Thursday, November 10, 2005

Field report inconsistencies

My brother wrote this BirdForum post:
In the Ivory-Bills LIVE blog, Patrick Coin makes some interesting points about baffling inconsistencies in some of the reports.

For example, in a Natural History article, written by Harrison, Sparling's Ivory-bill is described as having "a big white bill." In the Science paper, the "big white bill" isn't listed as one of the field marks Sparling saw. Why?

In the same Natural History article, Harrison says: on June 9, 2004, the misery paid off. On that date I saw an ivory-bill swoop from one tree to another, a distance of sixty-eight feet. Its wings were extended, and never flapping.

In the Science paper, the encounter was described like this: 9 June 2004 Harrison saw a large woodpecker flush from near the base of a bald-cypress, Taxodium distichum, about 15 m in front of him, and with naked eye he noted broad white trailing edges to wings, especially visible as the bird swooped upward to land;

I find this one especially troubling. A bird swooping 65 feet from one tree to another VS a bird flushing from near the base of a tree??? In the first description we have a bird that never flapped at all. A bird flushing from near the base of a tree would have to be flapping like mad.
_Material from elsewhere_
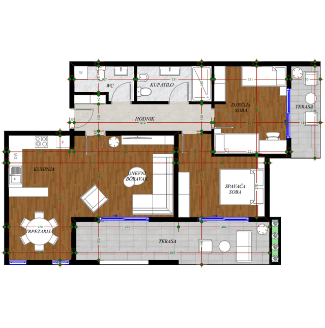 Opremljenost na 3D prikazima je predlog uredjenja. U cijenu stana nije uračunato opremanje i nameštanje sa prezentacije.

Of the same encounter Harrison said this: I could easily see the bird's black tail, back, neck, nape, and crown. The nape came to a point and seemed to have a tonal value darker than the neck and crown.

So here we have a very good look at the back of an "Ivory-Bill." As Mr. Coin goes on to quote the Science Paper: Ivory-billed woodpeckers have a pair of longitudinal dorsal stripes that approach one another on the middle and lower back (Fig. 2), producing a white area visible on a dorsal view of a fleeing bird. Pileated woodpeckers have lateral white marks on the sides of the head and neck, but lack any trace of white on the dorsum.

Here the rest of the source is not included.